__Problem to solve__:
Please reproduce the lines of the records below from the one holding "An elegant vanity" through the one holding "北欧 デンマークデザイン おしゃれなデスク", inclusive, skipping all pictures.
───── Source information ─────
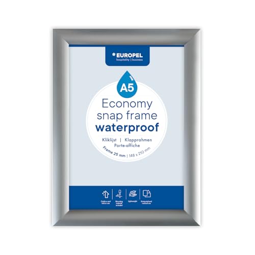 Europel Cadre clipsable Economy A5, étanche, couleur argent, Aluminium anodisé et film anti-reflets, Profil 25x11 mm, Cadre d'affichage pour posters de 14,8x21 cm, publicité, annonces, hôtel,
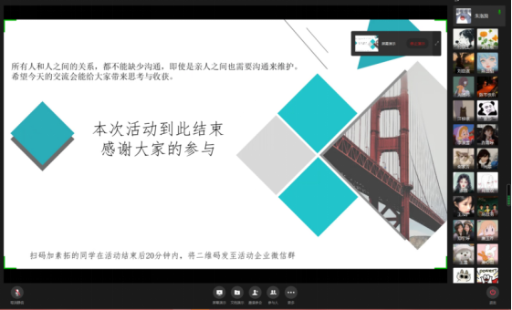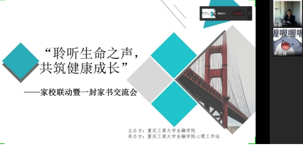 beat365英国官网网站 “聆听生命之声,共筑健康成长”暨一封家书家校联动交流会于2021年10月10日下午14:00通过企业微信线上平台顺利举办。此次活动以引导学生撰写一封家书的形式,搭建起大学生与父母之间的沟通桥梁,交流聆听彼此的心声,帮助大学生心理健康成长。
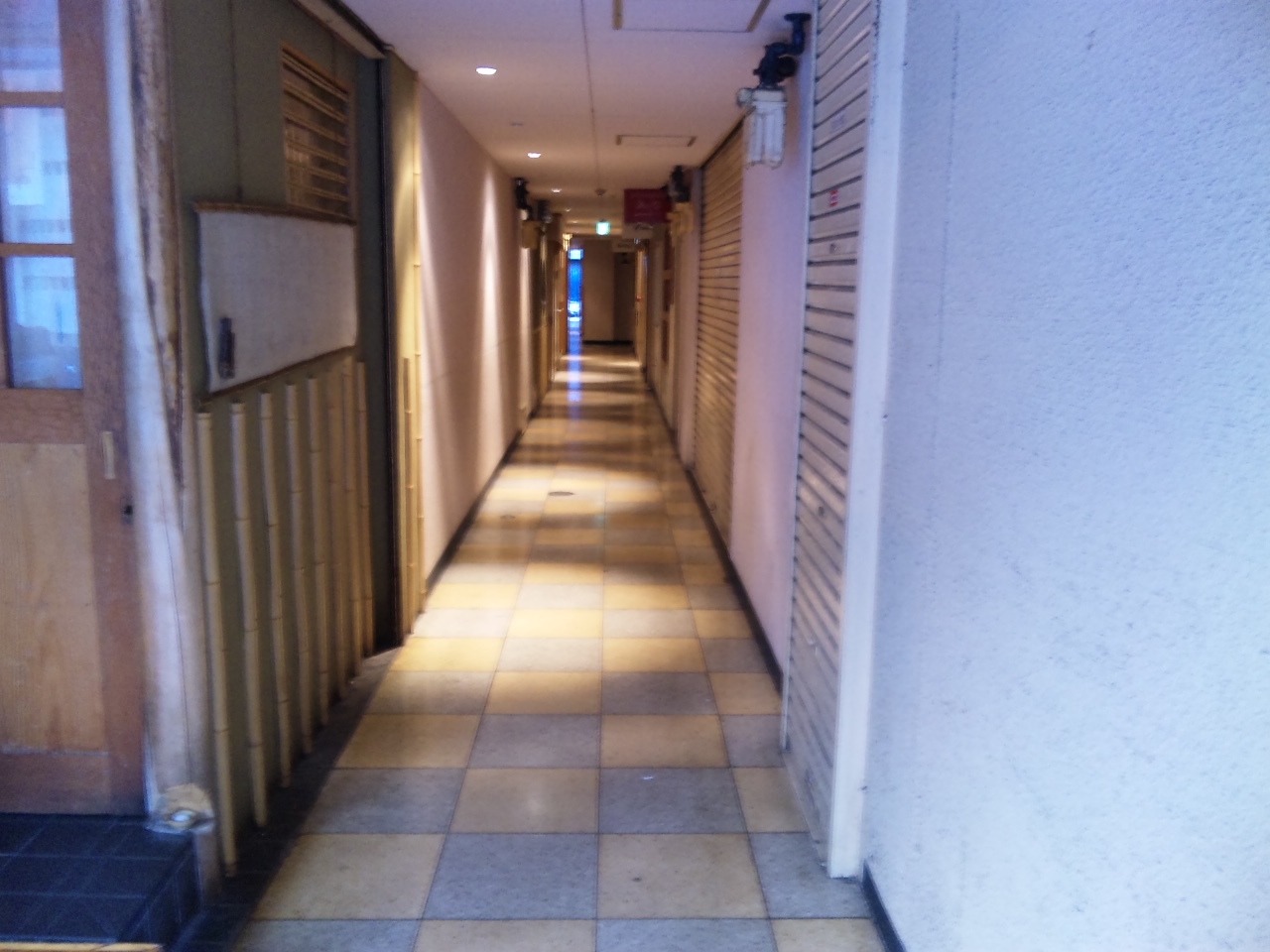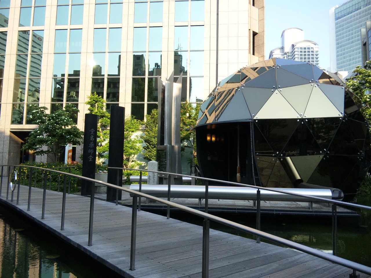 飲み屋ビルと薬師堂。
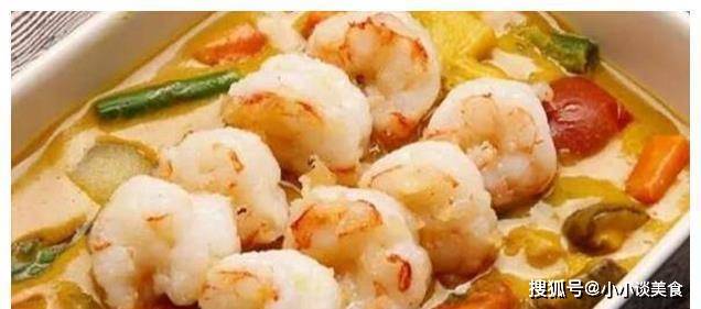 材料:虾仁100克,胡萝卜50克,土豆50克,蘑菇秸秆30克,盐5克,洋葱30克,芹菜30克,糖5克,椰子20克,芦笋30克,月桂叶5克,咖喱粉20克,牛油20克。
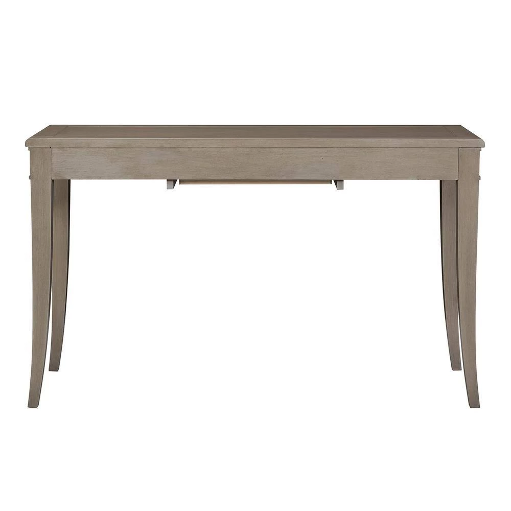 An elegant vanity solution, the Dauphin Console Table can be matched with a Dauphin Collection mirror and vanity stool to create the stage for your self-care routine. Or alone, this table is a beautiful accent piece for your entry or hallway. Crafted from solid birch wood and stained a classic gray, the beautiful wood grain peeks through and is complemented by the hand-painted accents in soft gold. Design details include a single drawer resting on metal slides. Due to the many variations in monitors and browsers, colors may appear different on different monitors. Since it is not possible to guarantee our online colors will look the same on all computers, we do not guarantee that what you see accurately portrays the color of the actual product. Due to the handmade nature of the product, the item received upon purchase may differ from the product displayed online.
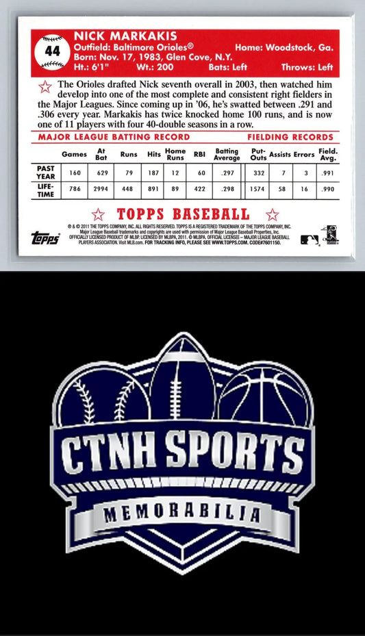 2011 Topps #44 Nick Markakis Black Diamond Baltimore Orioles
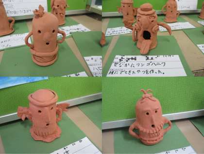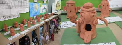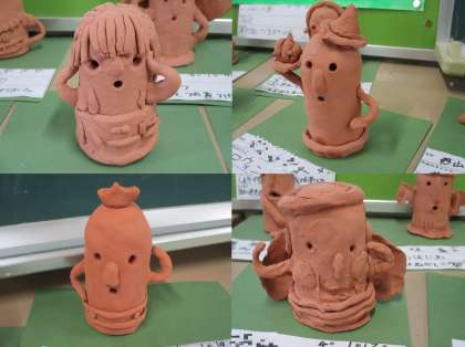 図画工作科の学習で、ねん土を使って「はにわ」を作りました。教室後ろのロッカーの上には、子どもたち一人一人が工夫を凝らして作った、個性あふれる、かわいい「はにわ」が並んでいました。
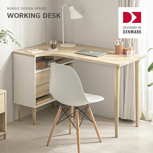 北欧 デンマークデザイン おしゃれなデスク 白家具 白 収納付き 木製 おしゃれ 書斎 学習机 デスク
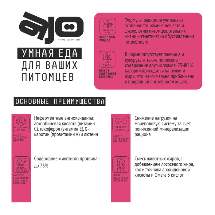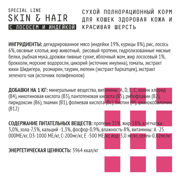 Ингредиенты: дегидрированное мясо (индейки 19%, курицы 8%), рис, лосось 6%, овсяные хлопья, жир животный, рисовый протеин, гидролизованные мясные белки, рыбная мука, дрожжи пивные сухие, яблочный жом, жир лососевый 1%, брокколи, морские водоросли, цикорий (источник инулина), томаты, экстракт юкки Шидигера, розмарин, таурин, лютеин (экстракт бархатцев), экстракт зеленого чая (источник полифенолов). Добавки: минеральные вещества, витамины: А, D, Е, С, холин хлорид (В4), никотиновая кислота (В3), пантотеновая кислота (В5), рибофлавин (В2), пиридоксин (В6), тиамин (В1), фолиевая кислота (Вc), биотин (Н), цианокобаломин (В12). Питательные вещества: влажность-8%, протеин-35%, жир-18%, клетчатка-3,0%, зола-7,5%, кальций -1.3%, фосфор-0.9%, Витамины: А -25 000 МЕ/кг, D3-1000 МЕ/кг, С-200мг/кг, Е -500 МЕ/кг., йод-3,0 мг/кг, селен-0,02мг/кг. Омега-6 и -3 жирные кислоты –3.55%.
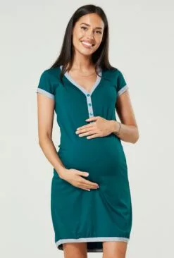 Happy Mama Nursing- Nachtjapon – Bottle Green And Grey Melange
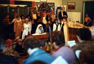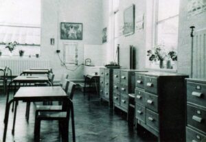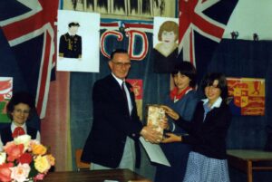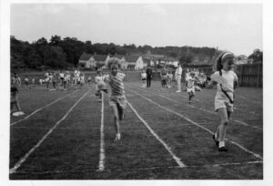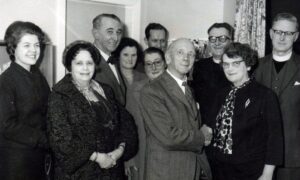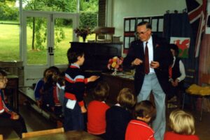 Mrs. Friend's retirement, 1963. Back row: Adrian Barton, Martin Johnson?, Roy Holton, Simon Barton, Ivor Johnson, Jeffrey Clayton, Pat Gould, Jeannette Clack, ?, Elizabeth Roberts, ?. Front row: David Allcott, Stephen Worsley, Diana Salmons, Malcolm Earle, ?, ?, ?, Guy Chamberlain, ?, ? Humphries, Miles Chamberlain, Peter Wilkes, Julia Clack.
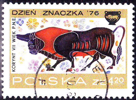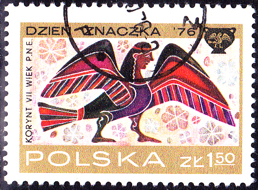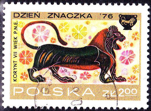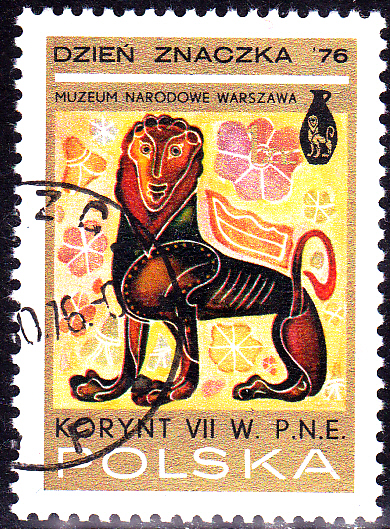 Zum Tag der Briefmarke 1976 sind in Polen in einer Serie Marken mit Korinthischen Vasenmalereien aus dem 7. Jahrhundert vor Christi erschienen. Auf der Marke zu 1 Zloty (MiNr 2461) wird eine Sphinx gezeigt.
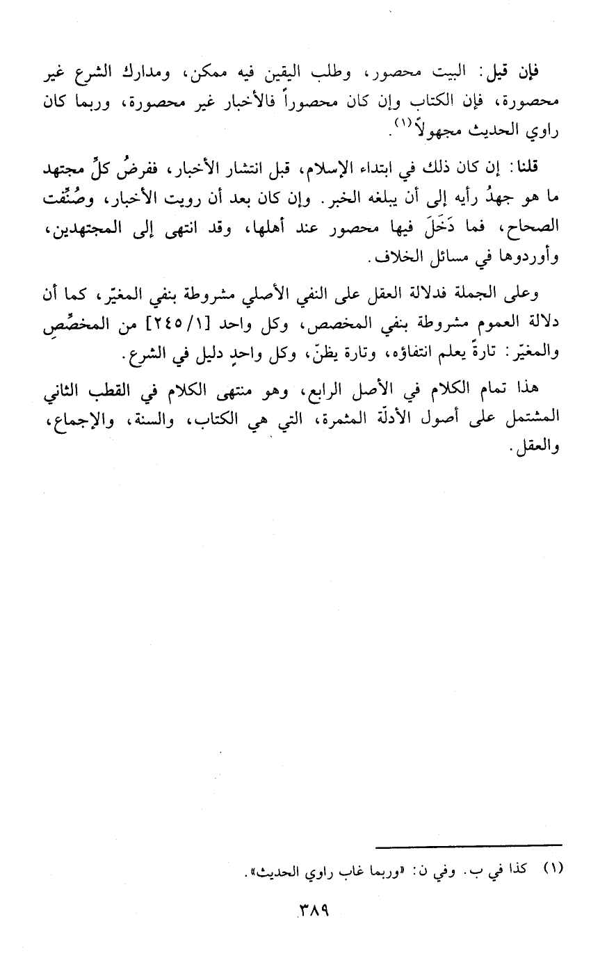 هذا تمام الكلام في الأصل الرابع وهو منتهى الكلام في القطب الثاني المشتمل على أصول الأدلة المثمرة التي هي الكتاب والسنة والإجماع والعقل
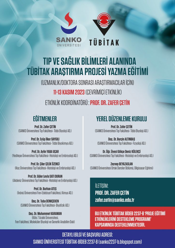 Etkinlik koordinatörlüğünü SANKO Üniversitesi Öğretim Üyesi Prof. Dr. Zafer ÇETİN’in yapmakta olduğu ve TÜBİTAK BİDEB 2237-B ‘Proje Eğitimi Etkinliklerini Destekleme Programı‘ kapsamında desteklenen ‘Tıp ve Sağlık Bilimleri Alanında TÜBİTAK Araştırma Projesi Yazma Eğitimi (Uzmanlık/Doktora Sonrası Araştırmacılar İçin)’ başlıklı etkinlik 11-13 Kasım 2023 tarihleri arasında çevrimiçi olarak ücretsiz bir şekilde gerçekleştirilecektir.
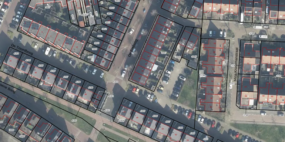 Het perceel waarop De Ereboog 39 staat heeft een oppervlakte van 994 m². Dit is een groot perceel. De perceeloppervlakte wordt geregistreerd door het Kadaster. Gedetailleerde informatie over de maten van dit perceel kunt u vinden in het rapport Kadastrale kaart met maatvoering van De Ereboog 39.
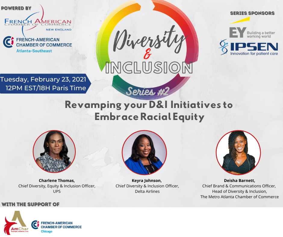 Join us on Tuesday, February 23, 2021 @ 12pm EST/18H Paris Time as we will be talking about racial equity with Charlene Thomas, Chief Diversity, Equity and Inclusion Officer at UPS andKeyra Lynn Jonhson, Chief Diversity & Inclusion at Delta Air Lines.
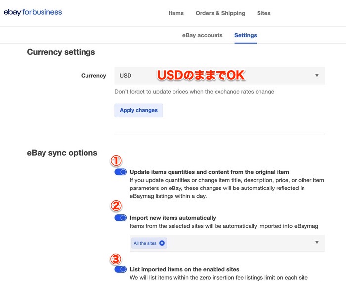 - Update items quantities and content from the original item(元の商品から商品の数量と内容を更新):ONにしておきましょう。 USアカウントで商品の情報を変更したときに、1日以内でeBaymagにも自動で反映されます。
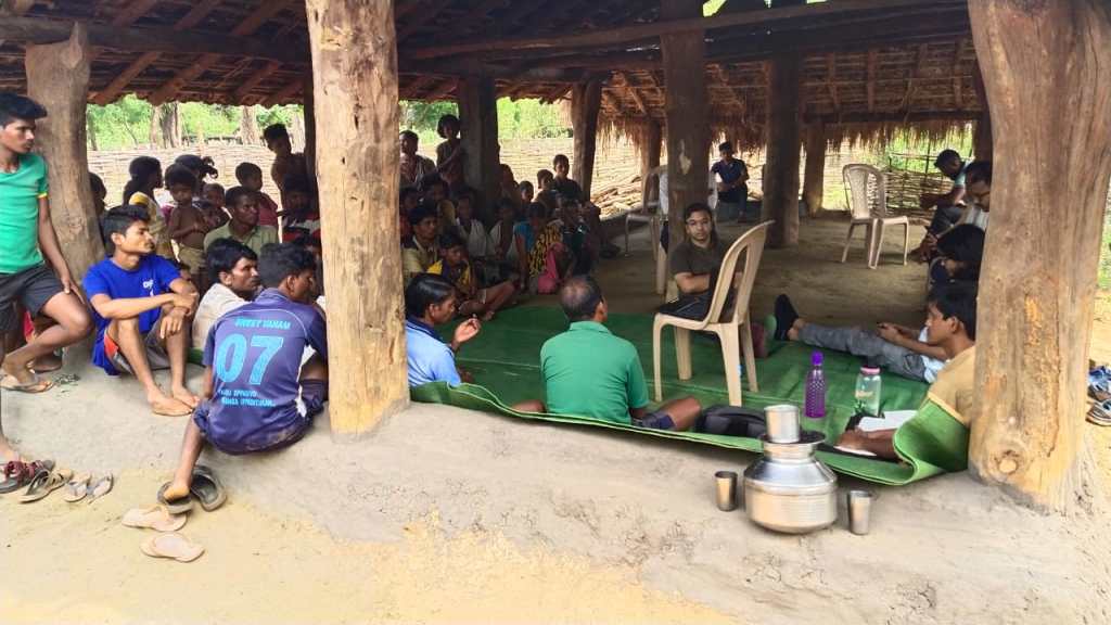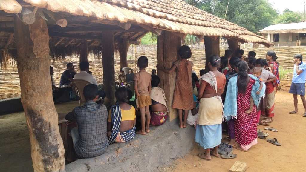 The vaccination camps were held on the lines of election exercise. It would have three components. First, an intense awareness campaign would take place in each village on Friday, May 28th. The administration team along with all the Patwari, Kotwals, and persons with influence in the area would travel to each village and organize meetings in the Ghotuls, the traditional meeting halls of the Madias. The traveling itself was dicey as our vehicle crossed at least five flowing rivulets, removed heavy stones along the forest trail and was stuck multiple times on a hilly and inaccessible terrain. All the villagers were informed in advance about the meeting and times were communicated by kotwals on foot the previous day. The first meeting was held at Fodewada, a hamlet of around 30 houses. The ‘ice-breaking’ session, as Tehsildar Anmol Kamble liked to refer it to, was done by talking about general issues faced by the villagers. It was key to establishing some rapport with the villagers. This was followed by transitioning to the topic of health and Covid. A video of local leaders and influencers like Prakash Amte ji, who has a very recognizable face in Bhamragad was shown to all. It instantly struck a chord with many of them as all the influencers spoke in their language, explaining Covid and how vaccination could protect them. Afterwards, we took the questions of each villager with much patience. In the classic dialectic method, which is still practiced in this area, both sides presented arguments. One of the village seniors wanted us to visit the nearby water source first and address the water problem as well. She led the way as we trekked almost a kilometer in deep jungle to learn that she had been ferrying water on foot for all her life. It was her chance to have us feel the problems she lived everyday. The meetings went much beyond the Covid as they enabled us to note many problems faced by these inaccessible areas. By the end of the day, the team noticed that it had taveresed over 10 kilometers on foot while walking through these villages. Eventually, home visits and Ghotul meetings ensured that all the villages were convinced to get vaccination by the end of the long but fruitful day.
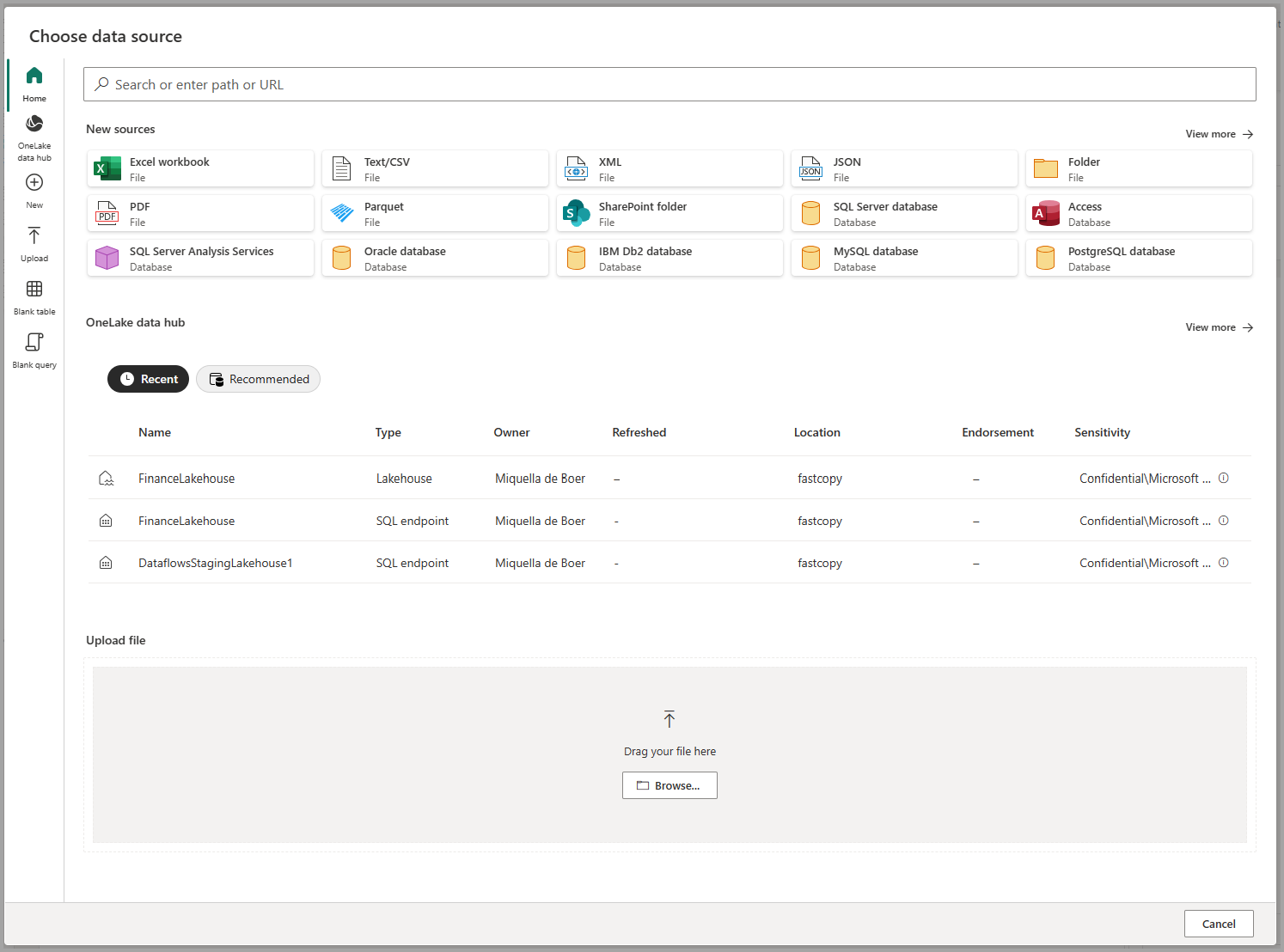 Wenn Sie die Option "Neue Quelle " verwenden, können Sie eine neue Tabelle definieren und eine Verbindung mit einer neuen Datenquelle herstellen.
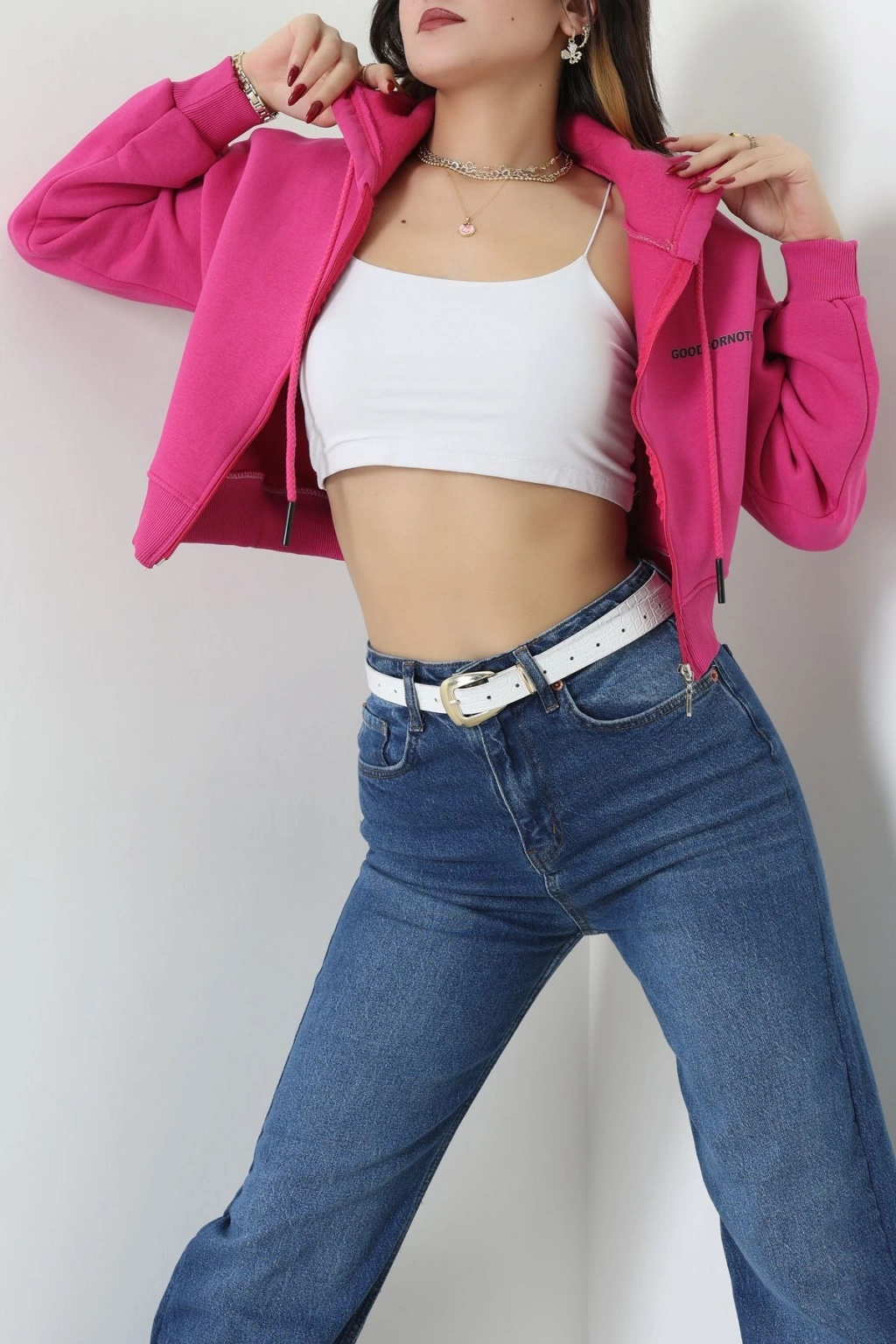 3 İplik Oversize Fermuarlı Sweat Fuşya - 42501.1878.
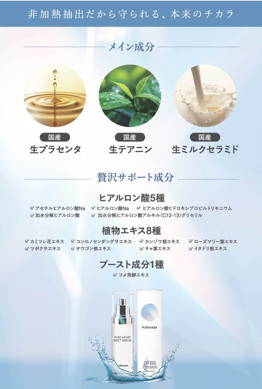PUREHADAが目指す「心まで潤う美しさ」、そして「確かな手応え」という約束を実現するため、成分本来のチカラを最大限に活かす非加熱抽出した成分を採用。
─────
__Expected answer__:
 An elegant vanity solution, the Dauphin Console Table can be matched with a Dauphin Collection mirror and vanity stool to create the stage for your self-care routine. Or alone, this table is a beautiful accent piece for your entry or hallway. Crafted from solid birch wood and stained a classic gray, the beautiful wood grain peeks through and is complemented by the hand-painted accents in soft gold. Design details include a single drawer resting on metal slides. Due to the many variations in monitors and browsers, colors may appear different on different monitors. Since it is not possible to guarantee our online colors will look the same on all computers, we do not guarantee that what you see accurately portrays the color of the actual product. Due to the handmade nature of the product, the item received upon purchase may differ from the product displayed online.
 2011 Topps #44 Nick Markakis Black Diamond Baltimore Orioles
 図画工作科の学習で、ねん土を使って「はにわ」を作りました。教室後ろのロッカーの上には、子どもたち一人一人が工夫を凝らして作った、個性あふれる、かわいい「はにわ」が並んでいました。
 北欧 デンマークデザイン おしゃれなデスク 白家具 白 収納付き 木製 おしゃれ 書斎 学習机 デスク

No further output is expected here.